Professor Quentin Gibson | |
---|---|
Born | Quentin Howieson Gibson 9 December 1918 Aberdeen, Scotland |
Died | 6 March 2011 | (aged 92)
Citizenship | British, American |
Education | Queen's University Belfast |
Spouse | Audrey Jane Pinsent |
Children | 4 |
Awards | Fellow of the Royal Society (1969)[1] |
Scientific career | |
Fields | Biochemistry of heme proteins |
Institutions | University of Sheffield Cornell University University of Pennsylvania |
Notable students | Keith Moffat[2] |
Quentin Howieson Gibson FRS[1] (9 December 1918 – 16 March 2011) was a Scottish American physiologist, and professor at the University of Sheffield,[3] and Cornell University.[4]
Gibson earned a Doctor of Medicine degree in 1944 and a Ph.D. in 1946, from Queen's University Belfast.[citation needed]

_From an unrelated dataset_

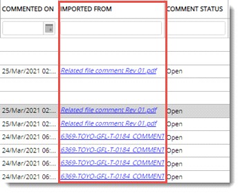 In the column IMPORTED FROM the name of the comment file, from which the comment is imported is displayed.

Gibson taught at the University of Sheffield from 1947. Whilst at the University of Sheffield Gibson met Audrey Jane Pinsent in 1951. They married, started a family, and eventually had four children. Jane Gibson continued working part-time whilst raising her family. In 1963 they emigrated to the United States, where she took up positions, first at the University of Pennsylvania.[5] He succeeded (Sir) Hans Krebs as the Head of the Department of Biochemistry in 1955. In 1963 he left Sheffield to become a professor at the University of Pennsylvania. He was the Greater Philadelphia Professor at Cornell University, from 1965 to 1996. In 1982, he became a U.S. citizen.[6]
Gibson started his career with studies of hemoglobin,[7] [8] and continued with much other work on heme proteins.
In keeping with his medical qualifications, much of Gibson's early work[9] [10] had medical or physiological relevance.[11]
During the period when protein and enzyme cooperativity was at the center of biochemical interest Gibson studied it in the context of abnormal hemoglobins.[12] [13]
Gibson made major contributions to the development of methods for studying rapid reactions,[14] and their application to hemoglobin.[15]
Other work concerned enzymes such as "diaphorase",[16][17] glucose oxidase,[18] cytochrome oxidase[19][20] and peroxidase.[21]
Much of Gibson's work concerned questions of thermodynamics and equilibria, and in that context he participated in discussions about how to present thermodynamic data.[22]
Gibson was elected a Fellow of the Royal Society in 1969.[1] He was also a member of the National Academy of Sciences, and an associate editor of the Journal of Biological Chemistry from 1975 to 1994.[23]